The compressive learning framework reduces the computational cost of training on large-scale datasets. In a sketching phase, the data is first compressed to a lightweight sketch vector, obtained by mapping the data samples through a well-chosen feature map, and averaging those contributions. In a learning phase, the desired model parameters are then extracted from this sketch by solving an optimization problem, which also involves a feature map. When the feature map is identical during the sketching and learning phases, formal statistical guarantees (excess risk bounds) have been proven. However, the desirable properties of the feature map are different during sketching and learning (e.g. quantized outputs, and differentiability, respectively). We thus study the relaxation where this map is allowed to be different for each phase. First, we prove that the existing guarantees carry over to this asymmetric scheme, up to a controlled error term, provided some Limited Projected Distortion (LPD) property holds. We then instantiate this framework to the setting of quantized sketches, by proving that the LPD indeed holds for binary sketch contributions. Finally, we further validate the approach with numerical simulations, including a large-scale application in audio event classification.
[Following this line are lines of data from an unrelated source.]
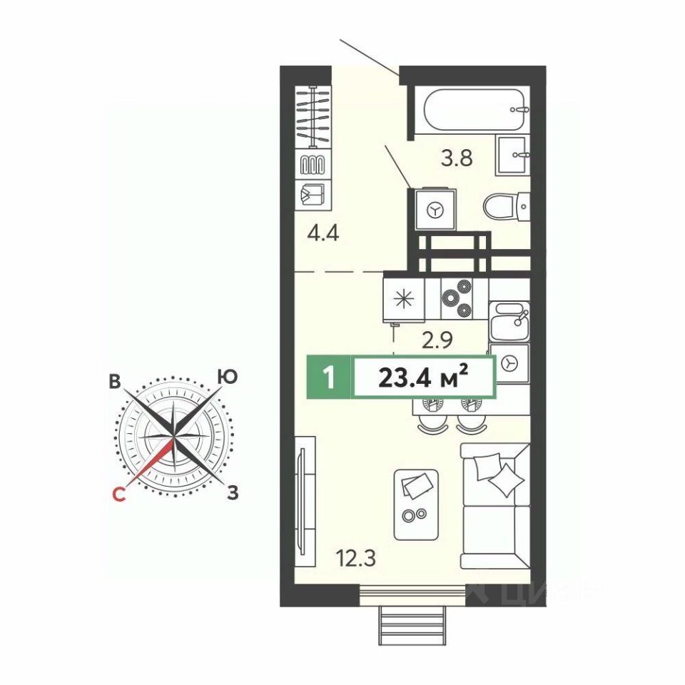 Общая площадь23 м²
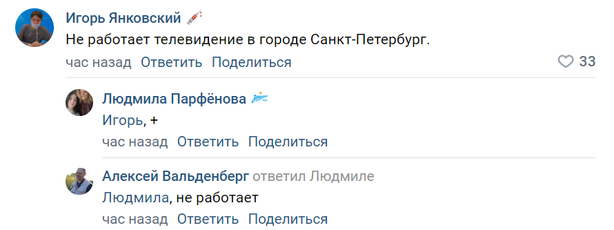 Жители Петербурга и Ленобласти сообщают, что днем 10 апреля у них перестало работать телевидение от «Ростелекома». В группе компании во «ВКонтакте» — десятки жалоб.
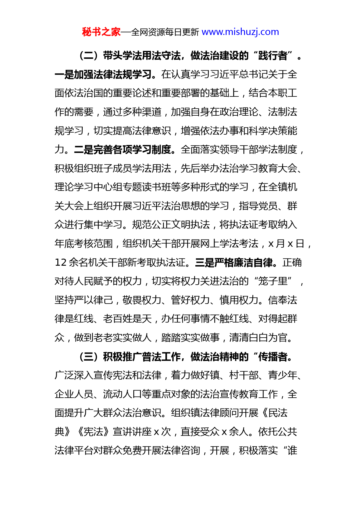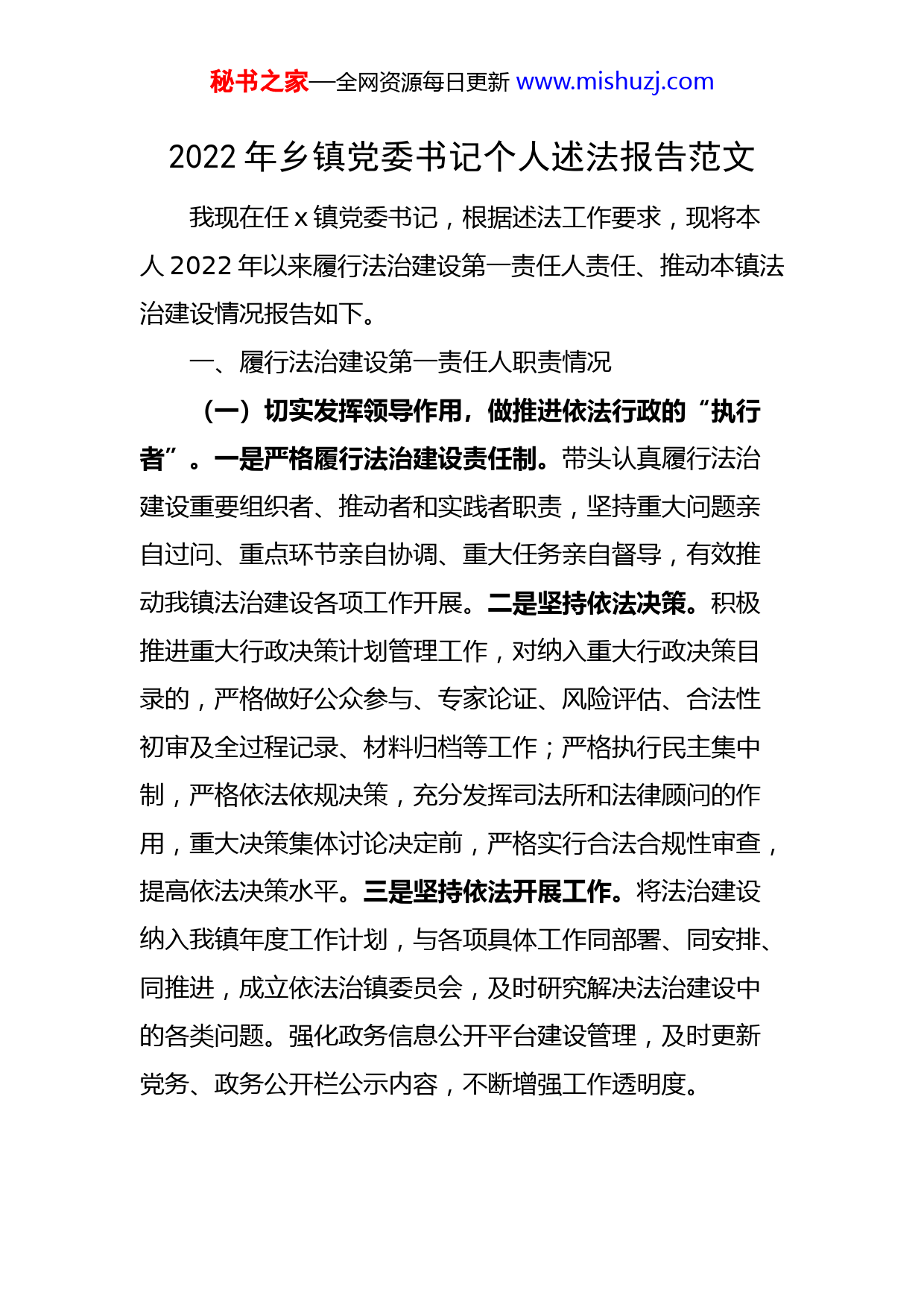 秘书之家—全网资源每日更新www.mishuzj.com2022年乡镇党委书记个人述法报告范文我现在任x镇党委书记,根据述法工作要求,现将本人2022年以来履行法治建设第一责任人责任、推动本镇法治建设情况报告如下。一、履行法治建设第一责任人职责情况(一)切实发挥领导作用,做推进依法行政的“执行者”。一是严格履行法治建设责任制。带头认真履行法治建设重要组织者、推动者和实践者职责,坚持重大问题亲自过问、重点环节亲自协调、重大任务亲自督导,有效推动我镇法治建设各项工作开展。二是坚持依法决策。积极推进重大行政决策计划管理工作,对纳入重大行政决策目录的,严格做好公众参与、专家论证、风险评估、合法性初审及全过程记录、材料归档等工作;严格执行民主集中制,严格依法依规决策,充分发挥司法所和法律顾问的作用,重大决策集体讨论决定前,严格实行合法合规性审查,提高依法决策水平。三是坚持依法开展工作。将法治建设纳入我镇年度工作计划,与各项具体工作同部署、同安排、同推进,成立依法治镇委员会,及时研究解决法治建设中的各类问题。强化政务信息公开平台建设管理,及时更新党务、政务公开栏公示内容,不断增强工作透明度。秘书之家—全网资源每日更新www.mishuzj.com(二)带头学法用法守法,做法治建设的“践行者”。一是加强法律法规学习。在认真学习习近平总书记关于全面依法治国的重要论述和重要部署的基础上,结合本职工作的需要,通过多种渠道,加强自身在政治理论、法制法规学习,切实提高法律意识,增强依法办事和科学决策能力。二是完善各项学习制度。全面落实领导干部学法制度,积极组织班子成员学法用法,先后举办法治学习教育大会、理论学习中心组专题读书班等多种形式的学习,在全镇机关大会上组织开展习近平法治思想的学习,指导党员、群众进行集中学习。规范公正文明执法,将执法证考取纳入年底考核范围,组织机关干部开展网上学法考法,x月x日,12余名机关干部新考取执法证。三是严格廉洁自律。正确对待人民赋予的权力,切实将权力关进法治的“笼子里”,坚持严以律己,敬畏权力、管好权力、慎用权力。信奉法律是红线、老百姓是天,办任何事情不触红线、对得起群众,做到老老实实做人,踏踏实实做事,清清白白为官。(三)积极推广普法工作,做法治精神的“传播者。广泛深入宣传宪法和法律,着力做好镇、村干部、青少年、企业人员、流动人口等重点对象的法治宣传教育工作,全面提升广大群众法治意识。组织镇法律顾问开展《民法典》《宪法》宣讲讲座x次,直接受众x余人。依托公共法律平台对群众免费开展法律咨询,开展,积极落实“谁秘书之家—全网资源每日更新www.mishuzj.com执法谁普法”责任制,相关站所依据自身职能,利用发放宣传材料等方式积极宣传相关法律法规,镇法律顾问利用服务群推送普法信息x余条,极大地提高了群众学法、用法的素养,为群众送上“法治精神食粮”。二、存在的问题(一)专业人才队伍有待进一步加强。具备专业法律知识的人才较少,运用法治思维和法治方式开展工作的能力还需进一步加强。少数工作人员对于国家新出台的法律法规仍不够熟悉,法律意识和依法行政能力有待加强。(二)法治宣传教育工作方面存在不足。法制宣传力度和投入不足,基层普法阵地建设不及时、不全面,普法人员队伍工作接续性不够强,宣传效果有待进一步提升。部分普法内容枯燥乏味,没有结合具体案例、结合群众的实际需求进行法律宣传,导致群众厌倦、产生抵触情绪;农村人口分散、流动性大、群众文化素质低等因素,导致普法教育组织难度大、实施效果不明显。三、下步打算(一)坚持学法用法,树牢法治意识。积极组织参加机关干部普法培训,学习《宪法》《中国共产党章程》《中国共产党农村基层组织工作条例》等专业知识,加大法律法规学习力度,邀请法院、检察院等市级部门同志解读相关法律法规制度,不断提升全体机关干部的法治素养、秘书之家—全网资源每日更新www.mishuzj.com法治意识。坚持重视法治素养和法治能力的用人导向,把是否具有运用法治思维和法治方式破解难题能力作为考察使用干部的重要依据,把法律知识考查和依法行政能力测试结果作为提拔任用干部的重要参考。(二)强化法治思维,严格依法办事。深刻认识依法治国的重大意义,敬畏宪法法律,带头维护宪法法律权威,保证宪法法律实施。树立正确的政绩观,把遵纪守法、依法办事作为履职尽责、安身立命最基本的要求,坚持在法治的框架内处理和解决各种矛盾和问题,做到“法无授权不可为、法定职责必须为”,让权力和责任在法治的阳光下运行。进一步明确法治建设职责,建立健全镇党委定期听取法治建设进展汇报、研究法治建设重大事项等工作制度,压实压紧法治建设职责。(三)创新宣传手段,提升宣传实效。拓宽宣传方式,通过以案说法,增强基层干部群众法治观念和依法办事能力,切实满足辖区群众司法需求。创新宣传形式,充分利用“3·15”国际消费者权益日、“6·26”国际禁毒日、“12·4”宪法宣传日、全国安全生产月等重要节日,采取数字广播、横幅、摆摊等多种形式开展有关法律法规宣传教育活动,使广大群众受到潜移默化的法治教育。

翻译：压缩学习框架降低了大规模数据集培训的计算成本。 在素描阶段,数据首先压缩为轻量素描矢量,通过精心选择的地貌图绘制数据样本,并平均贡献。在学习阶段,理想的模型参数随后通过解决优化问题从素描中提取,这也涉及地貌图。当特征图在素描和学习阶段完全相同时,正式的统计保证(过大的风险界限)已经得到证明。然而,在素描和学习期间,特征图的可取性是不同的(例如,量化产出和可变性)。因此,我们研究了允许该地图在每一阶段有差异的放松程度。首先,我们证明现有的保证将延续到这一不对称计划,直到一个有控制的错误期,提供了一些有限的预测扭曲性(LPD)属性的保存。然后,我们将这一框架转而用于确定量化的草图,证明LPD确实用于二进制素材。最后,我们用数字模拟活动进一步验证了方法,包括音频级的大规模应用。